Klebsiella pneumoniae Bacteria

Caption: Colorized scanning-electron micrograph showing carbapenem-resistant Klebsiella pneumoniae interacting with a human white blood cell.
Credit: National Institute of Allergy and Infectious Diseases, NIH

Over the past year, the problem of antibiotic resistance has received considerable attention, with concerns being raised by scientists, clinicians, public health officials, and many others around the globe. These bacteria are found not only in hospitals, but in a wide range of community settings. In the United States alone, antibiotic-resistant bacteria cause roughly 2 million infections per year, and 23,000 deaths [1].

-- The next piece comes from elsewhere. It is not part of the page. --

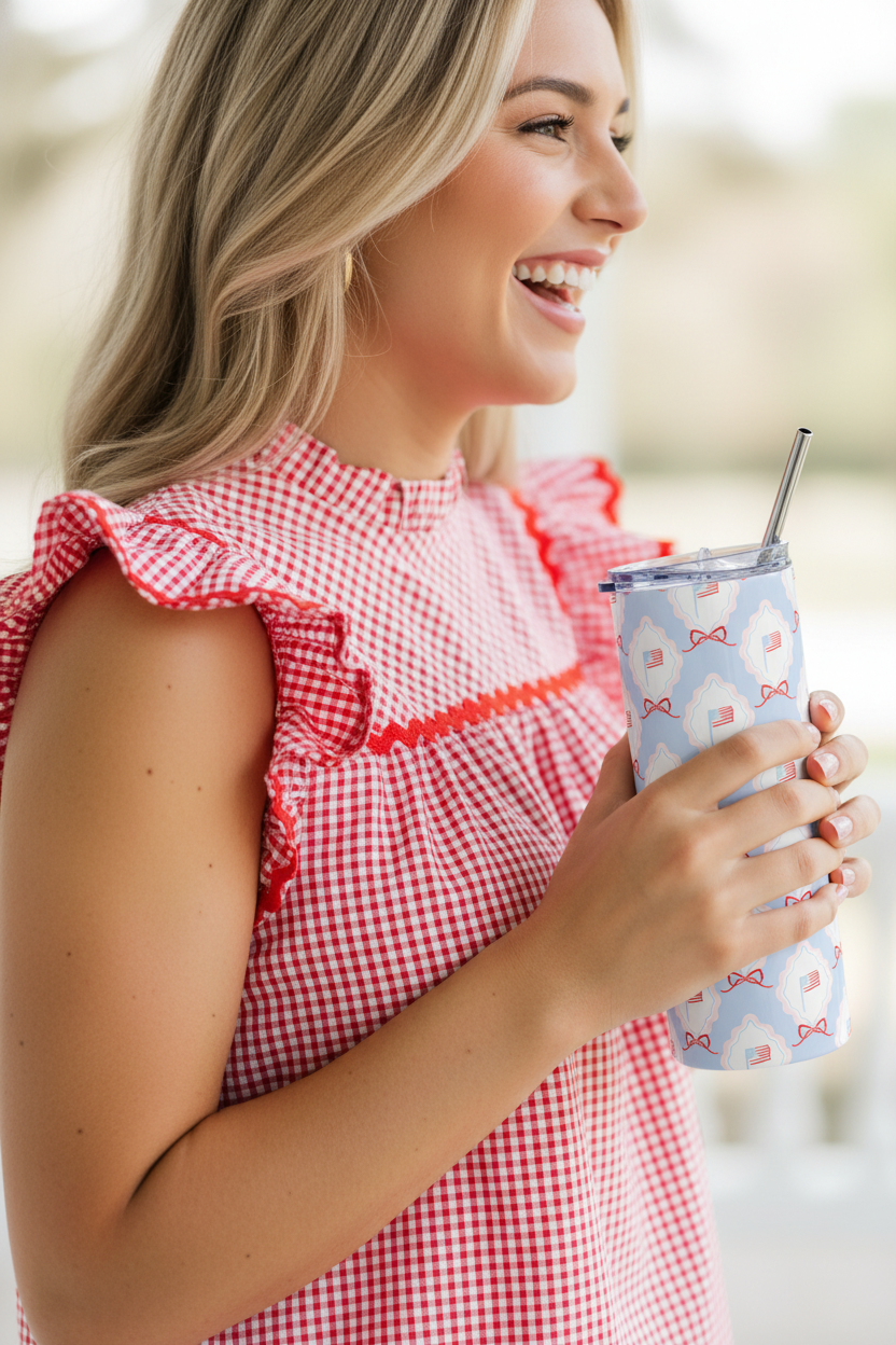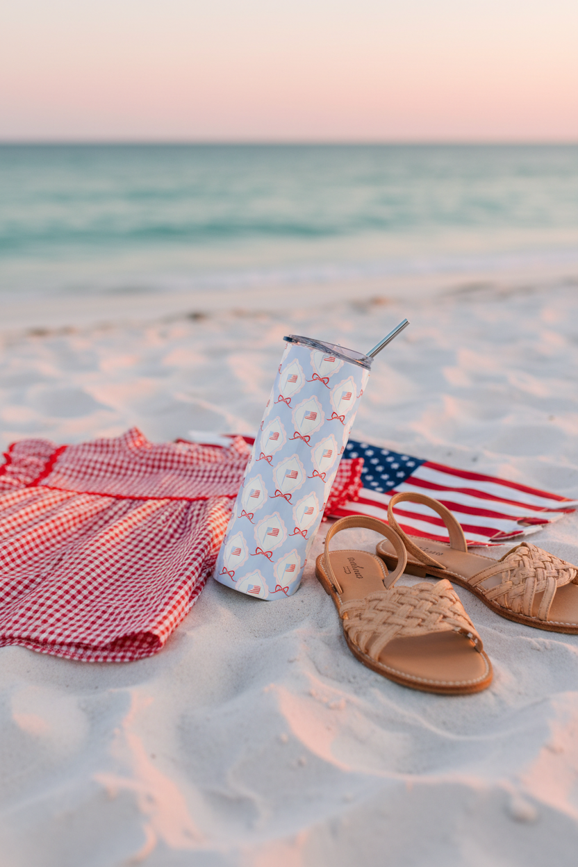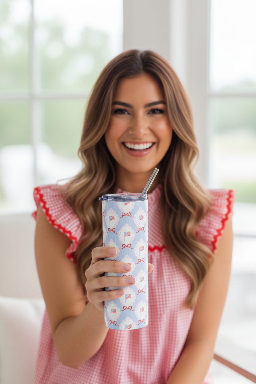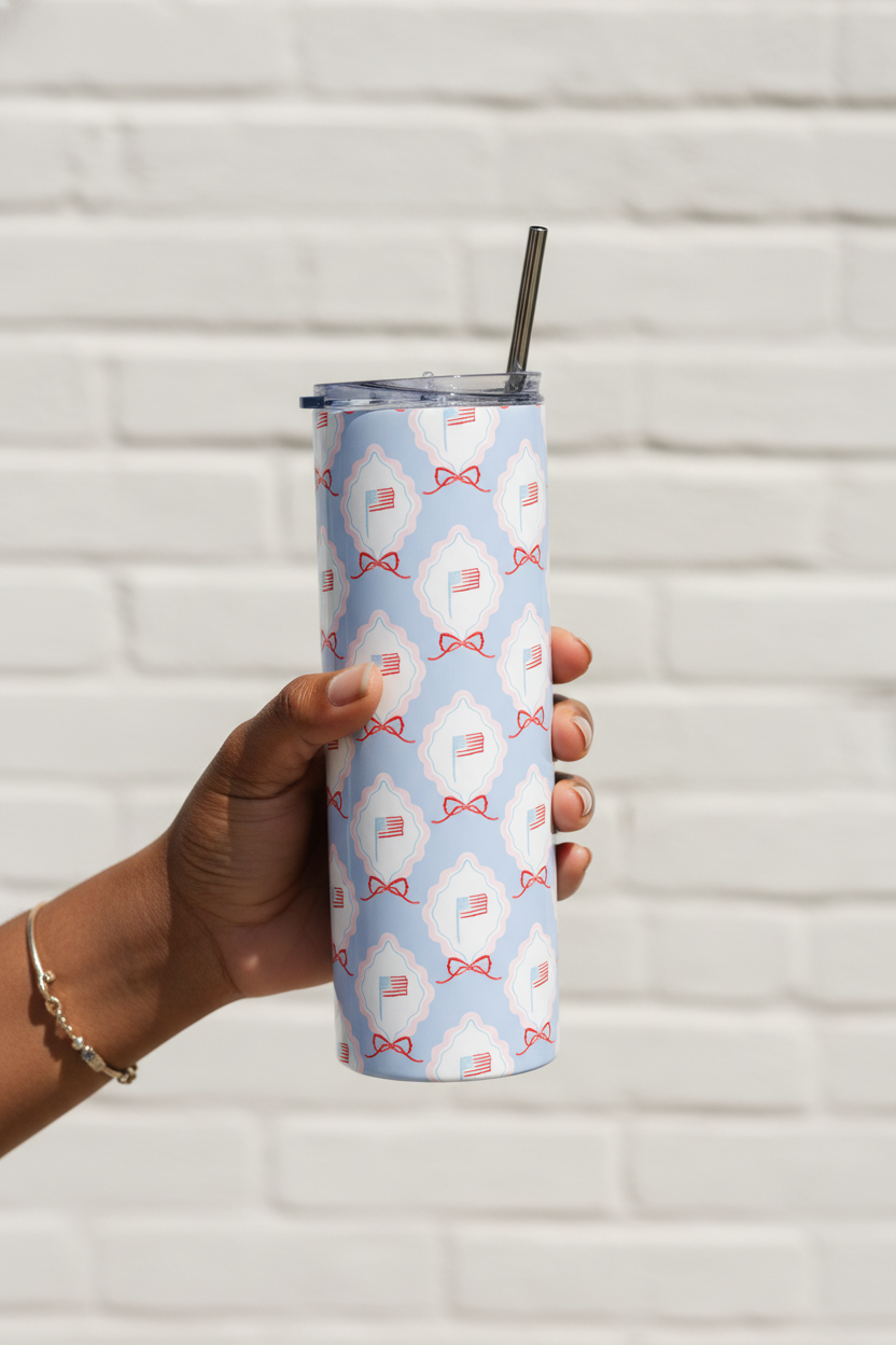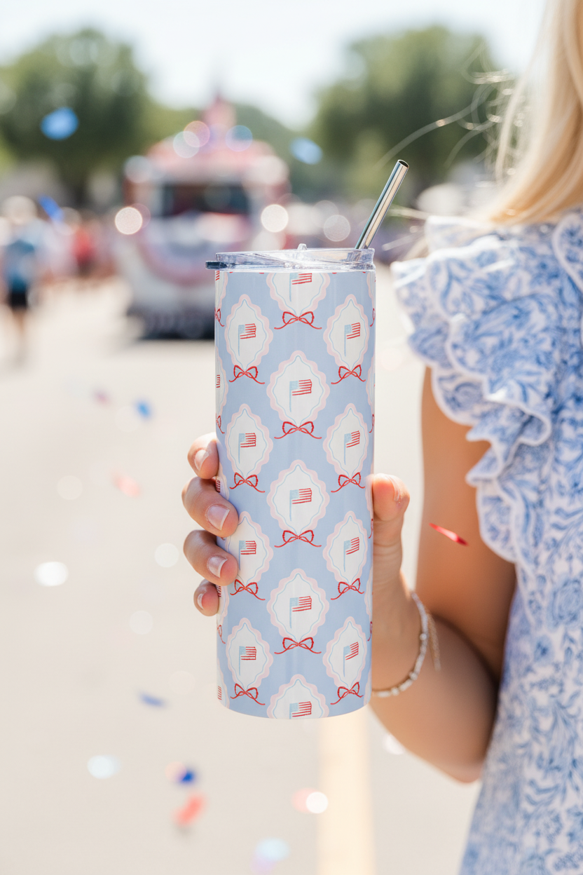 Celebrate in style with this festive 4th of July stainless steel tumbler—your perfect companion for backyard barbecues, firework nights, and every sweet summer moment in between. Its sleek design keeps your drinks icy-cold or wonderfully warm, while the reusable metal straw adds a touch of effortless charm to each sip.

In light of such daunting statistics, the need for action at the highest levels is clear, as is demonstrated by an Executive Order issued today by the President. Fighting antibiotic resistance is both a public health and national security priority. The White House has joined together with leaders from government, academia, and public health to create a multi-pronged approach to combat antibiotic resistance. Two high-level reports released today—the White House’s National Strategy for Combating Antibiotic-Resistant Bacteria (CARB) and the complementary President’s Council of Advisors on Science and Technology (PCAST) Report to the President on Combating Antibiotic Resistance—outline a series of bold steps aimed at addressing this growing public health threat.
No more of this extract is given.